Массивные, прочные, словно колонны Акрополя, ноги раскинуты в стороны. Свалившийся набок отросток, морщины отодвинутой крайней плоти. Доводящая до бешенства инородность торчащей пластиковой трубки. Распухшая, потемневшая, маслянисто блестящая мошонка.
Но труднее всего было глядеть на могучие отцовские руки. Камлаева больше всего оскорбляли именно руки, еще вчера способные согнуть в бараний рог любого, а сегодня не способные проделать даже самых элементарных манипуляций. Эти руки были как сухая вода, как жилетные часы в миске супа. При взгляде на них он испытывал последнюю, сухую, убивавшую всякую веру злость — злость на то, что человека можно так унижать. Злость на то, что с отцом позволено сделать такое.

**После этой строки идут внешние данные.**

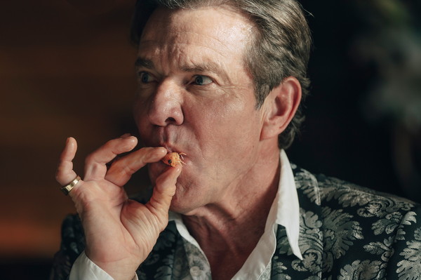 解禁されるシーン写真は合計11点。身体のラインを覆うファッションと視線を隠すサングラス、怪しげな箱を抱えて人目をはばかるように立ち去ろうとする<エリザベス>と、一転、自身の魅力を存分にアピール!カラフルポップなアイメイクで自信に満ち溢れた笑顔を振り撒く<スー>という対照的な2人の表情を捉えたカットのほか、スーをデビューさせて大金を稼ぐ!胡散臭いプロデューサー・ハーヴェイが、スーを口説き落とそうとする様子、あっという間にスターダムにのしあがったスーがハリウッドの成功の象徴<大看板>に見事掲出!だが、自分の分身とはいえ、心底喜びきれないエリザベスが、スーが荒らした部屋を陰鬱な雰囲気で一心不乱に片付ける姿、そしてゲスな笑顔がピッタリ張り付いた男たちの中心に陣取るハーヴェイなど、いずれも美と成功への執着が常軌を逸した行動を生むーハリウッドに渦巻く<闇>に捉えられた人々を切り取ったカットとなっております。

Глядя на изъеденную оспой луну и обжигая гортань очередным глотком, он вспоминал о том, как через несколько часов уже не мог находиться дома, уже не мог смотреть на отца — глаза сами собой наливались горячей мутью, и в этом наплыве, лишающем зрения и слуха, в накате отвращения (о, нет, не к отцу, не к тому, во что превратился отец, а к природе, к творению, к существованию как таковому) он выходил из дома и шел пешком на Курский вокзал — тем же самым маршрутом, которым двигался десять лет тому назад, когда прогуливал школу. Тогда он прогуливал школу, а теперь прогуливал отца.

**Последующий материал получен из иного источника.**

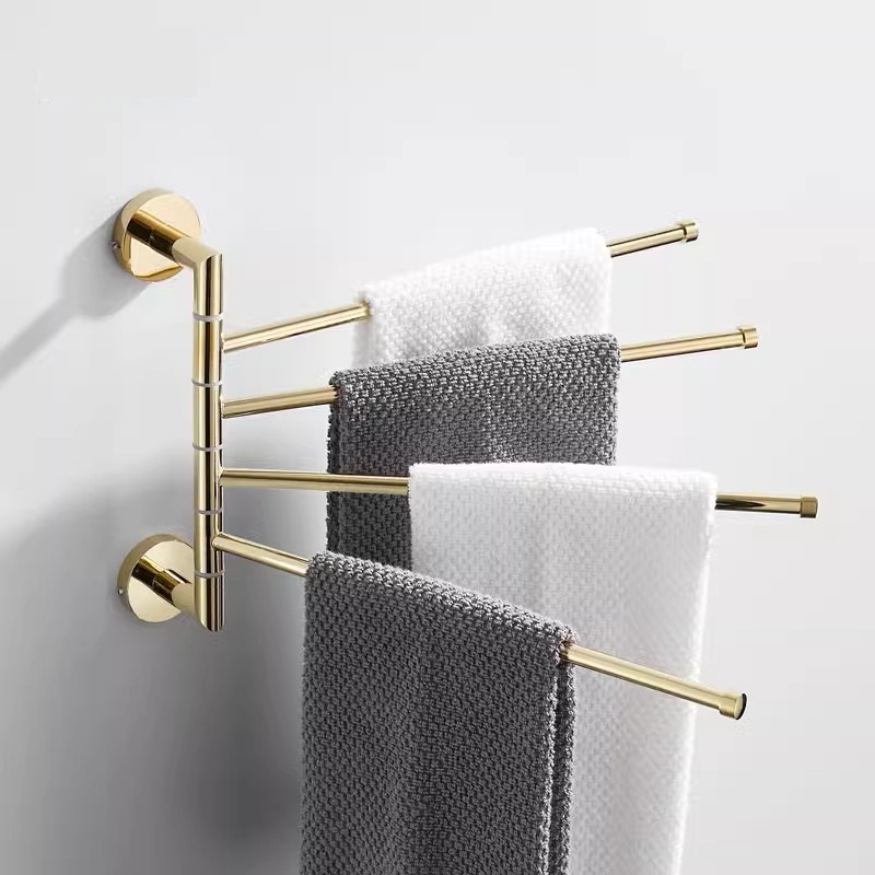 金色トイレ回転タオルラック全銅創意活動タオル掛け棒穴なし浴室多棒棚

На вокзале садился в первую попавшуюся электричку — в вагонах днем почти не было народа — и ехал туда, куда увлекал его с ревом набиравший скорость поезд, в поезде Камлаев находил успокоение под абсолютно предсказуемые нарастания и затухания звука. За окном проносились заводские корпуса, нескончаемые вереницы гаражей, чьи-то дачи, поля, перелески; безликость промрайонов сменялась левитановской живописностью русских полей, этим вечным, свистящим мимо окон покоем, отвратительным вечным покоем, обещанным человеку. У него была с собой бутылка водки, но алкоголь не разливался по жилам благодатной жаркой волной, не делал мир податливее…
Возвращался он затемно — для того, чтобы войти в отцовскую комнату и встретиться взглядом с отцовскими помутневшими глазами, налитыми животной болью, горячими, затравленными. И Камлаев смотрел в отцовские глаза неотрывно; ему хотелось во что бы то ни стало понять, что это значит для отца и почему это не значит того же самого для Камлаева. Хотя бы отчасти хотел Камлаев испытать это чувство убывания жизни, вот только не получалось никак: убывание отцовской жизни так и оставалось для Камлаева «маленькой неприятностью». И вот уже отец, который шарил помутневшими глазами в последней, горячей пустоте, вдруг выныривал, возвращался назад, на поверхность, притянутый неотвязным, немигающим взглядом сына. И глаза его, которые только что смотрели безо всякого человеческого, осмысленного выражения, наполнялись вдруг прежней, живой подозрительностью, становились такими же въедливо цепкими, как и некогда, как и всегда. И вот этими глазами спрашивал отец, как будто хотел внести окончательную ясность: ну, и как же ты теперь смотришь на меня, Матвей? Что хочешь увидеть? Неужели ты меня таким теперь не любишь? Ну, скажи, скажи, Матвей, чего больше в тебе сейчас — честного, животного, молодого отвращения или ложной сострадательности? Или, может быть, все же родство по крови, по семени сильнее любого неприятия? Сильнее, отец. Любовь сильнее. Она и должна быть сильнее всего на свете, в то время как… Я хочу сказать тебе об этом сейчас, после стольких лет, но не могу. Кто не успел, тот опоздал.